His eyes closed, and he let out a shuddering breath, as if both relieved and broken.
“But what we feel doesn’t make it right.”
“No,” he agreed. “It makes it dangerous.”
A sharp gust of wind rustled the leaves of the olive trees, the rustling sound like a thousand voices whispering warnings neither of them wanted to hear.
She turned to leave, but he reached out — not to grab her, not to stop her, but to simply touch her wrist. One fingertip. That was all.
Even that felt like fire.
Their eyes locked, and in that brief touch, a thousand sins bloomed between them.
Then she pulled away.
“I have evening duties,” she murmured, and without waiting for his reply, she fled into the safety of the darkened corridor.

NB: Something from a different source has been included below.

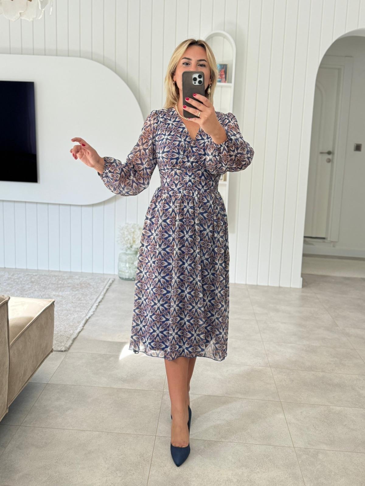 6762 Lacivert Bel Drape Elbise (SK-06762)

But long after her footsteps had vanished, he stood in the garden, his hand still trembling, his heart echoing with the memory of her voice.
---
Later that Night
Amara sat in her narrow cell, the only light coming from a small oil lamp by her bedside. The room was bare — a simple wooden cross above her cot, a Bible, a journal, and the rosary she could no longer bear to touch.
She pressed her fingers against her lips, remembering the way he had looked at her. Like she was both salvation and temptation. Like she was the knife pressed against his vows.

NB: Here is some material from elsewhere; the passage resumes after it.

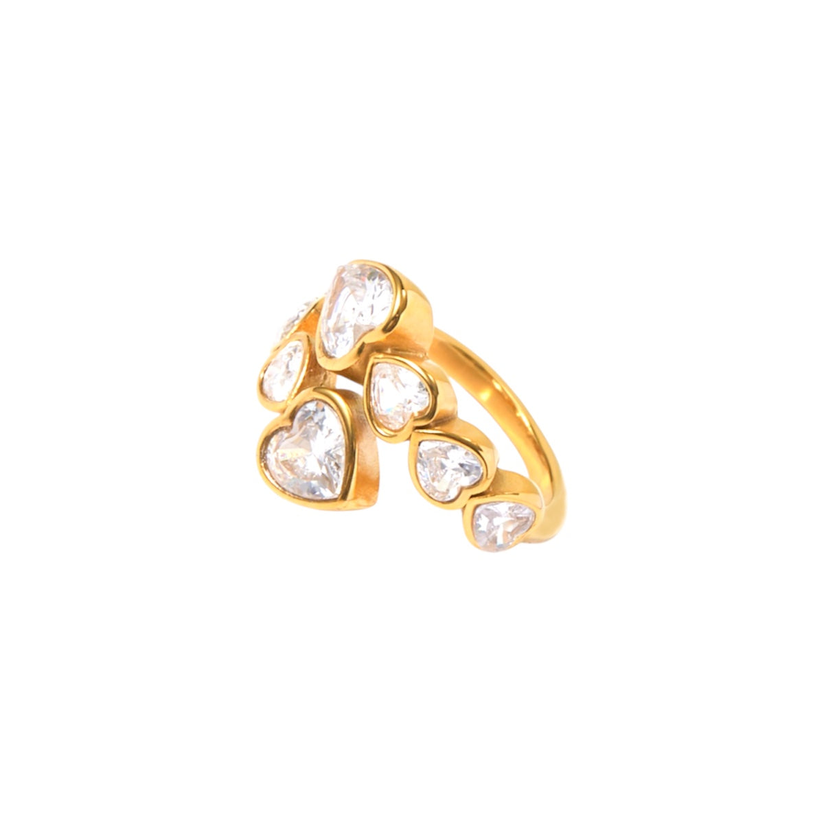 Questo anello Love di I'M MARTINA unisce eleganza e resistenza grazie alla sua realizzazione in acciaio inossidabile placcato in oro, impreziosito da cuori di zirconi brillanti. Il materiale anallergico garantisce comfort per tutto il giorno e una durata impeccabile, mantenendo la sua lucentezza anche a contatto con l'acqua. Un gioiello raffinato, perfetto per esprimere amore con stile e sicurezza.

She had never been kissed. Not truly. And yet, tonight, her body burned like a woman who had tasted forbidden fruit.
God, what is happening to me?
She knelt by her bedside, trying to pray. The words felt hollow. Rehearsed. Her mind drifted, and her thoughts betrayed her — conjuring images of him unrobed, his collar undone, his voice low and rough as it had been in the garden.
She shuddered, ashamed.
And yet… she couldn’t stop.
---
Meanwhile, across the cloister, Father Damien sat alone in the confessional. Not to hear a confession — but to give one.
There was no priest to receive him, only the silence of the sacred chamber. He pressed his forehead to the wood and clenched his jaw.
“Forgive me, Father, for I have sinned…”
His voice was ragged, barely a whisper.
“…not in deed, but in thought. In desire. In the hunger I feel when I look upon her. I fear I’m falling… and I no longer want to be caught.”
His breath hitched, and his voice cracked.
“I don’t know if I want to be saved anymore.”